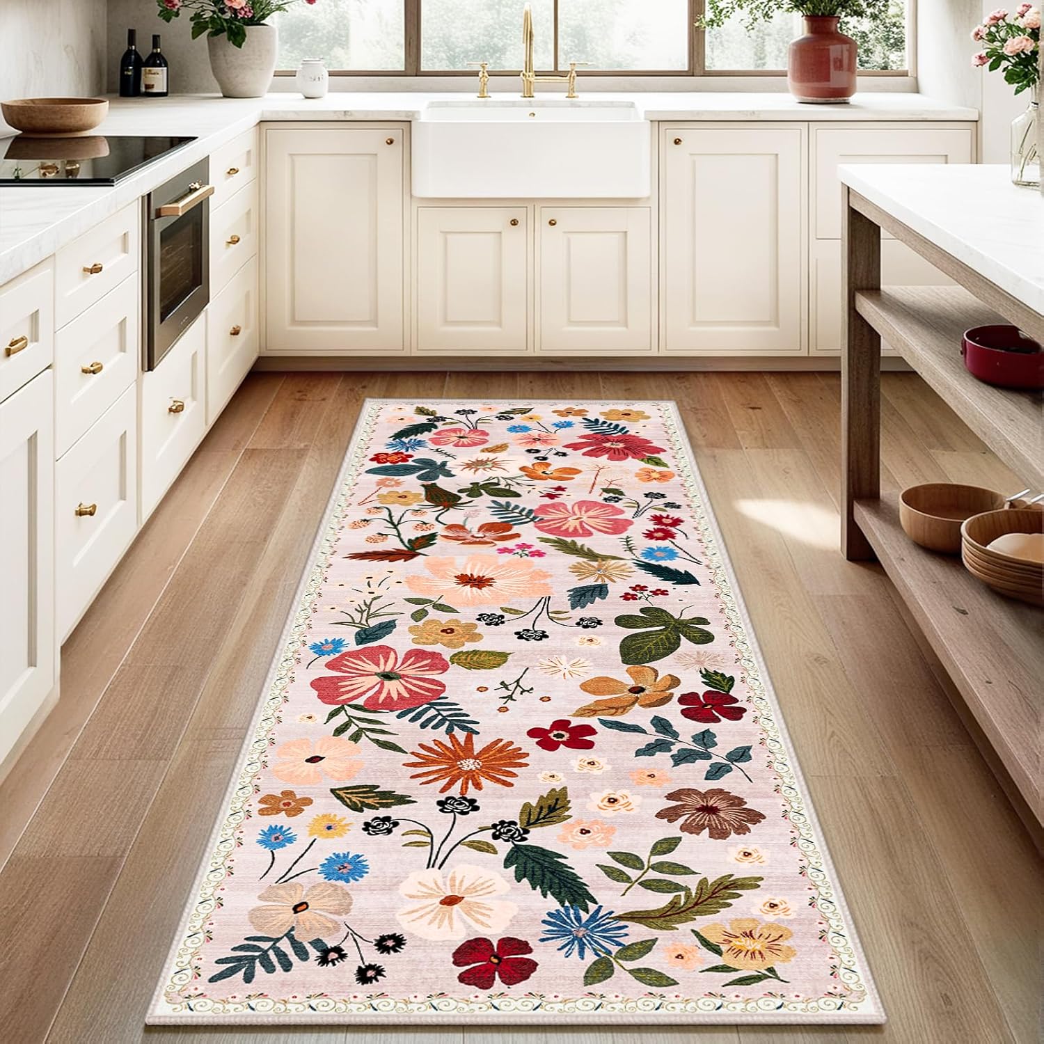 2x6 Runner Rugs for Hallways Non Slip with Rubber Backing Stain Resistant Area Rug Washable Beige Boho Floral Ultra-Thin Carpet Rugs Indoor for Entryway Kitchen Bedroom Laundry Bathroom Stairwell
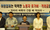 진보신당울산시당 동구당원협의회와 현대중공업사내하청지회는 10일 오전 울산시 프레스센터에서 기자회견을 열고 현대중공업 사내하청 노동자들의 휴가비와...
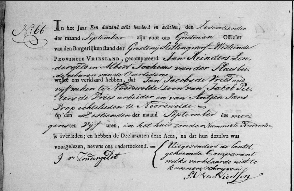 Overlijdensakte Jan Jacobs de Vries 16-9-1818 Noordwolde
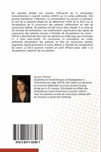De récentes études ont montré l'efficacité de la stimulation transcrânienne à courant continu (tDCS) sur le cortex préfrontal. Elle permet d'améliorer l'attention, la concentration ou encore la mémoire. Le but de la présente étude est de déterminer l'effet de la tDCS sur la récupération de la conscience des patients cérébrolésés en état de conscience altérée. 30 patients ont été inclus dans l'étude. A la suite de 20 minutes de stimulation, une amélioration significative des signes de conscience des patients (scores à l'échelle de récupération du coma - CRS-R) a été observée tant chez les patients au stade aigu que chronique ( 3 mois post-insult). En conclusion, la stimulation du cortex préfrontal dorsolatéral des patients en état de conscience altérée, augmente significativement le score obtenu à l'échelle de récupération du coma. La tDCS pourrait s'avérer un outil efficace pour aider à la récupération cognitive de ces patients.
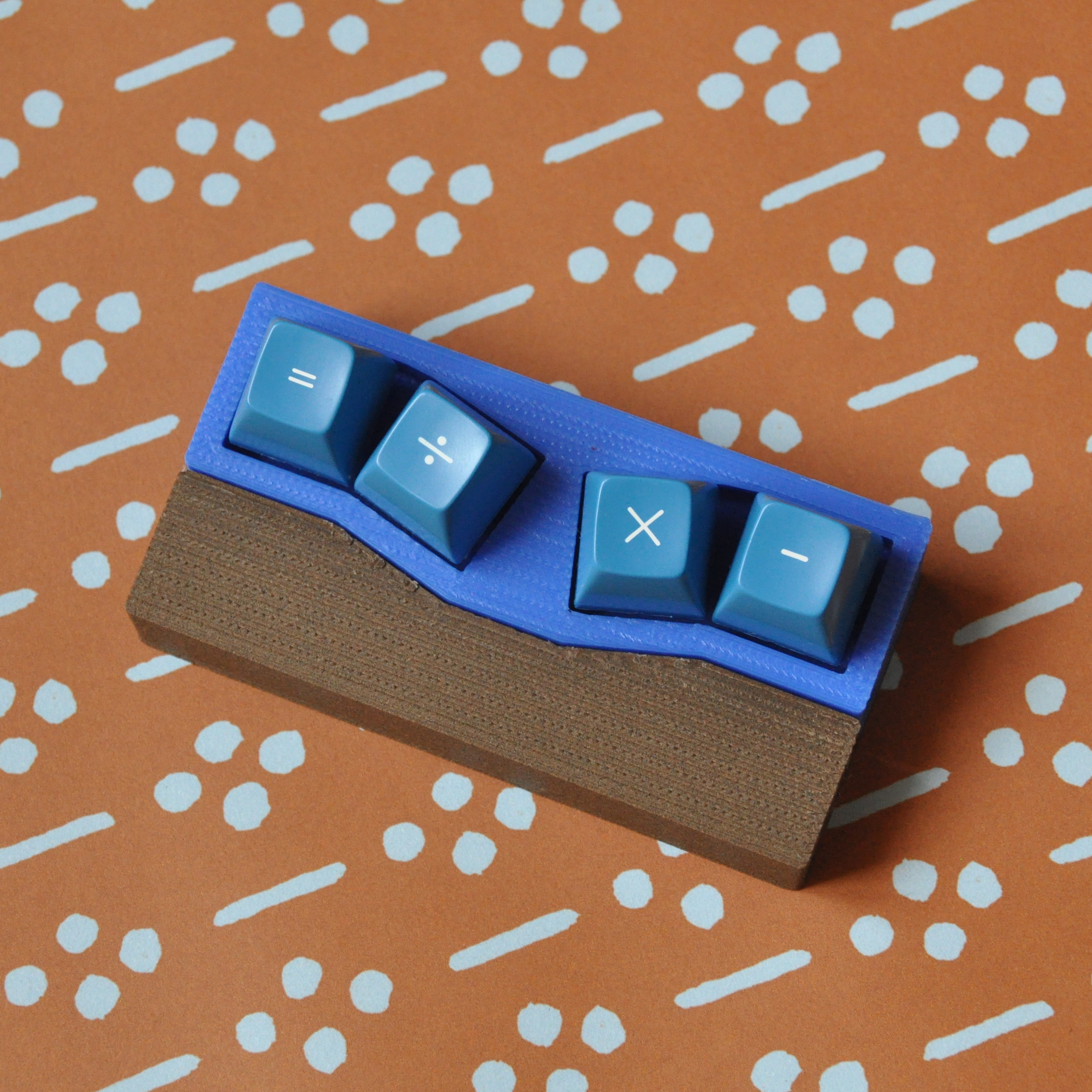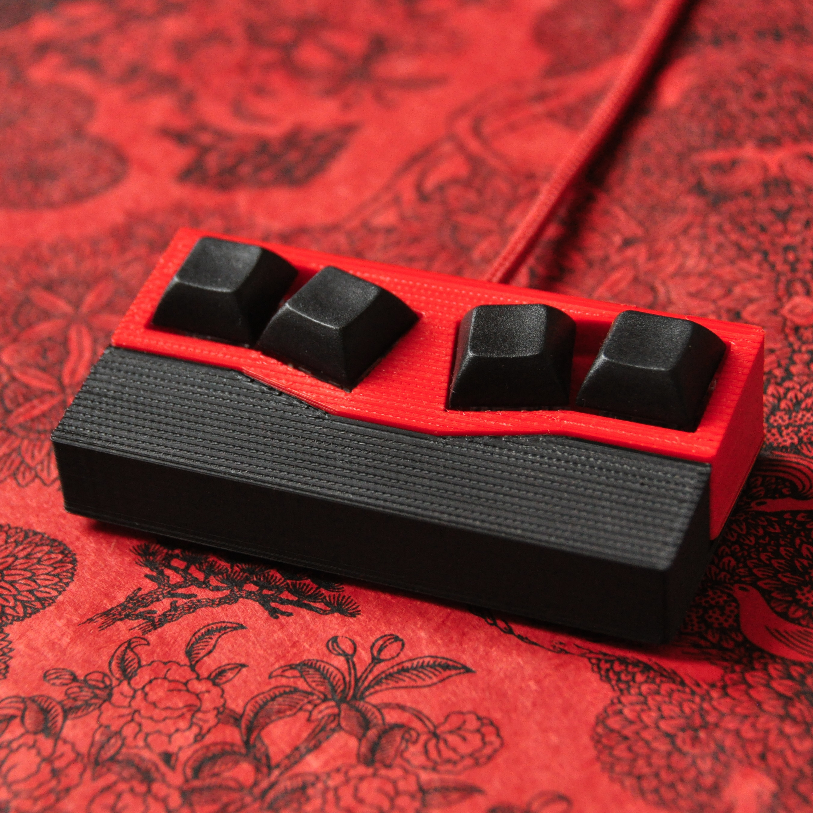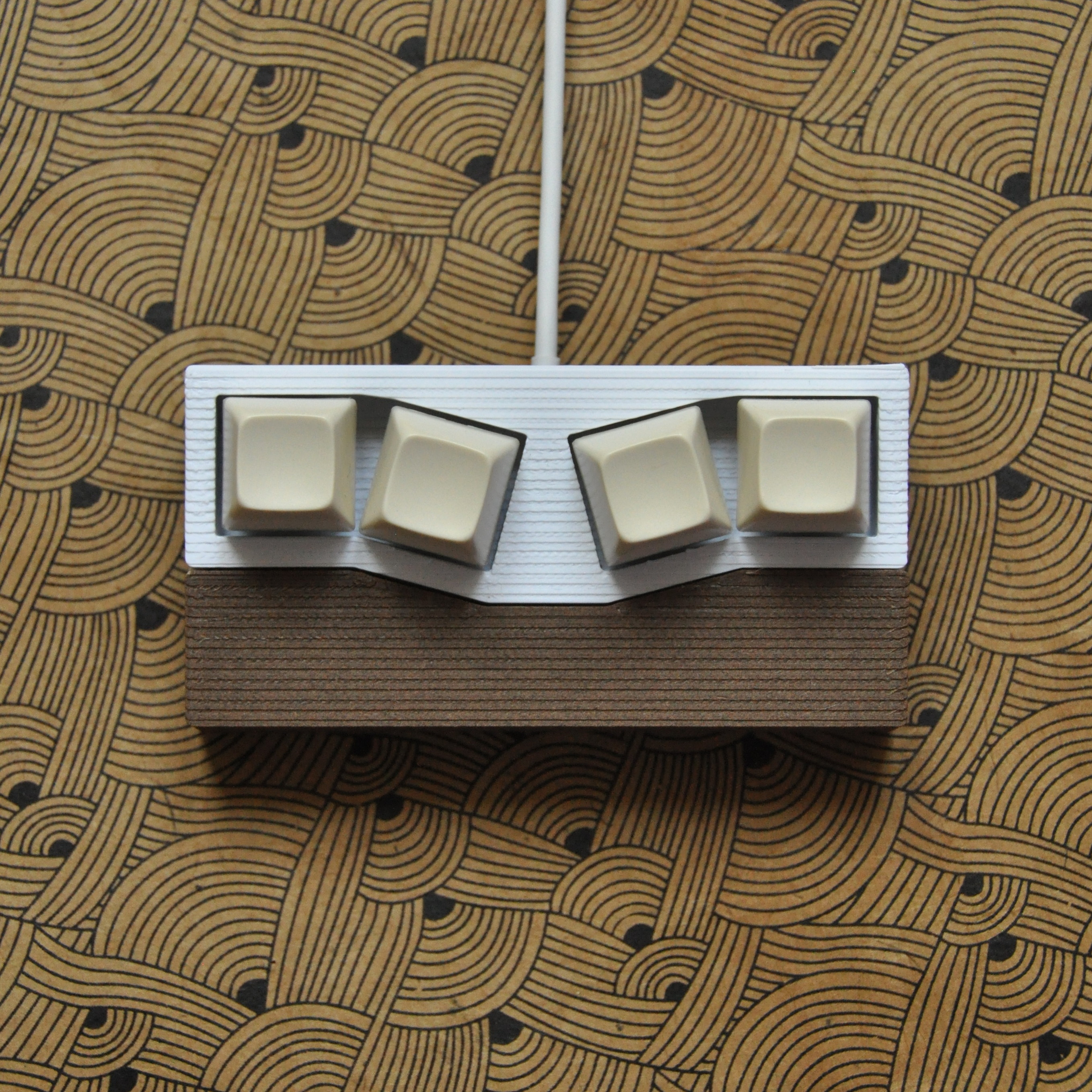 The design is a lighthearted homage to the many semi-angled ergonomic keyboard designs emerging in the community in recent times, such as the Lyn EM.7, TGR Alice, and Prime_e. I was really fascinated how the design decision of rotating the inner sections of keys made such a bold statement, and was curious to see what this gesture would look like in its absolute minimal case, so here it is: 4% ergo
-.-.-
• _Task prompt_: Return each line of the data, keeping its wording exact and omitting pictures.

• _Solution_:
 2x6 Runner Rugs for Hallways Non Slip with Rubber Backing Stain Resistant Area Rug Washable Beige Boho Floral Ultra-Thin Carpet Rugs Indoor for Entryway Kitchen Bedroom Laundry Bathroom Stairwell
 진보신당울산시당 동구당원협의회와 현대중공업사내하청지회는 10일 오전 울산시 프레스센터에서 기자회견을 열고 현대중공업 사내하청 노동자들의 휴가비와...
 Overlijdensakte Jan Jacobs de Vries 16-9-1818 Noordwolde
De récentes études ont montré l'efficacité de la stimulation transcrânienne à courant continu (tDCS) sur le cortex préfrontal. Elle permet d'améliorer l'attention, la concentration ou encore la mémoire. Le but de la présente étude est de déterminer l'effet de la tDCS sur la récupération de la conscience des patients cérébrolésés en état de conscience altérée. 30 patients ont été inclus dans l'étude. A la suite de 20 minutes de stimulation, une amélioration significative des signes de conscience des patients (scores à l'échelle de récupération du coma - CRS-R) a été observée tant chez les patients au stade aigu que chronique ( 3 mois post-insult). En conclusion, la stimulation du cortex préfrontal dorsolatéral des patients en état de conscience altérée, augmente significativement le score obtenu à l'échelle de récupération du coma. La tDCS pourrait s'avérer un outil efficace pour aider à la récupération cognitive de ces patients.
 The design is a lighthearted homage to the many semi-angled ergonomic keyboard designs emerging in the community in recent times, such as the Lyn EM.7, TGR Alice, and Prime_e. I was really fascinated how the design decision of rotating the inner sections of keys made such a bold statement, and was curious to see what this gesture would look like in its absolute minimal case, so here it is: 4% ergo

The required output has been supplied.